I install the software program in my new computer. A snap. But three pages into the manual, I have a flash of intuitive discernment and a deep sinking feeling. I have set foot in hostile territory.
The terms used in all pages are in the thicket of computerese. Page after page is filled with cross references, baffling terms, illogical advice, asterisks, and mouse clicks that open windows, then slam shut.
The tutorial is punishment. Nothing clear. Very hostile. I visualize a room full of 35 men and women creating this ``friendly'' software program, packing all known bells and whistles into it, and I, one lone man, now misunderstand their collective friendliness.
Hours and hours I spend on finding, selecting, and defining fonts, paragraph style, margins, color selection, text alignment, you name it; no, they name it.

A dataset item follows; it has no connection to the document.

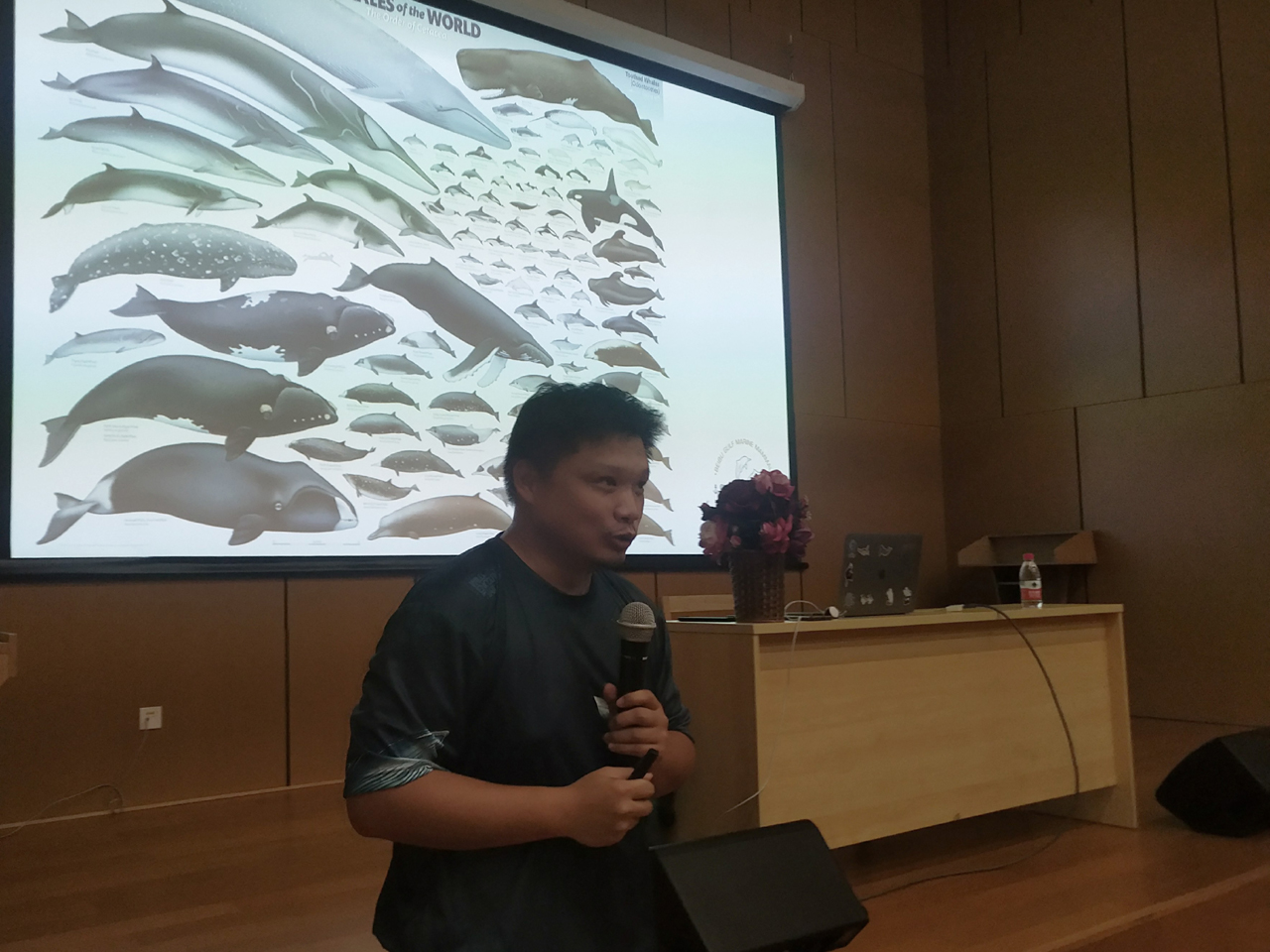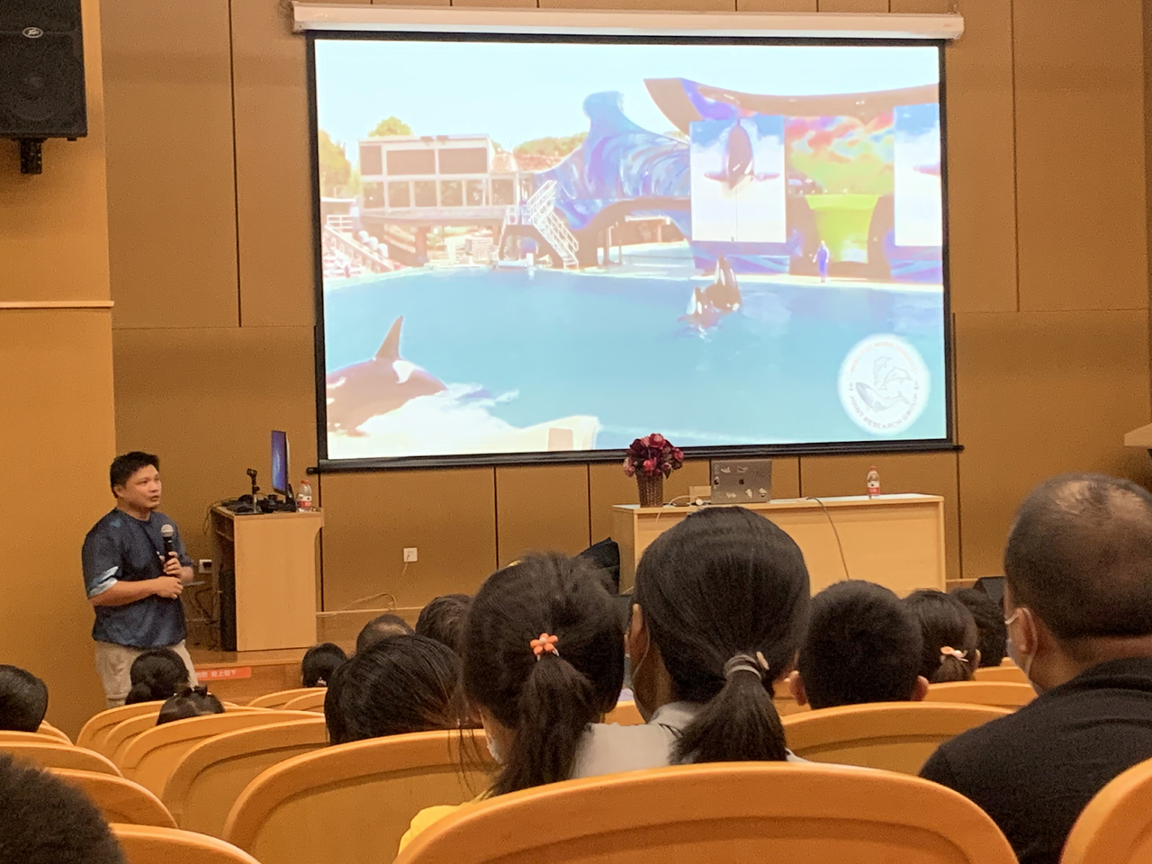 该讲座邀请广西科学院鲸类研究专家、博士陈默老师开讲,为大家科普鲸类知识。陈老师用内容丰富的鲸类知识讲解图和科普动画片,以及震撼力十足的海洋纪录片等灵活多样、生动幽默的讲解方式给读者朋友们带来一场印象深刻、富有教育意义的科普课堂,也让大家接触到了关于鲸类的知识,例如鲸鱼分为须鲸和齿鲸两种;海豚属于齿鲸,也属于鲸鱼一类……

I stumble through mystery files, formats, palettes, color options, and text adjustments, failing to grasp the whole because of the endless options. All I want to do is put words in sentences, then in paragraphs, then in pages, and save them. Please, is this so difficult?
In stores, I search for books to explain the program, but the books are thicker than the 450- page manual. Frustration mounts. Again and again, I begin a series of steps, lose my way and cannot retrace my steps, or nothing happens when I click the mouse, or everything happens when I click the mouse, which I've renamed the rat.
My wife says, ``Call the help line.'' I call the help line. A recorded message gives me six options. I select No. 4 and hang up. Three days later I get a return call.
``Wha's the problem?'' asks a guy named Cecil.
``Where do I start?'' I mumble. ``I can't get the gizmo facilitator in applications to scroll in the blue-colored interface mode.''
``No problem,'' Cecil says. He guides me through three steps. Zingo, the gizmo is home free.
Two days later, I experience the ultimate crash: All words disappear. I have boxes, files, and modes on the screen, but no words in them. On this digital Serengeti Plain where words are supposed to be as abundant as zebras, I have eliminated the herd. Nothing I try restores them. No words. No zebras. All is white.
I call Cecil. He suggests a number of corrective moves. All fail. More suggestions. All fail. ``Just a minute,'' he says and disappears for a few minutes. He returns. ``Okay,'' he says. ``Try this, this, and this.''
Obedient to a fault, I do all three in the proper sequence. No words. Cecil exhales. ``Okay,'' he says, laughing. ``Do you know what you did? This is a first,'' he says, laughing, ``a first.''
``What did I do?'' I ask.
``You created white words on a white background.''
That's not funny now, maybe later.
``There is nothing in the manual that says that can be done,'' I shout, ``or nothing that says if you do it, here's how to correct it.''
``Well,'' Cecil says, ``now you know.''
With three strategic clicks of the mouse, the words return, like zebras.
Cecil accepts my thanks, but I tell him he probably hasn't heard the last of me. ``No problem,'' he says, still laughing.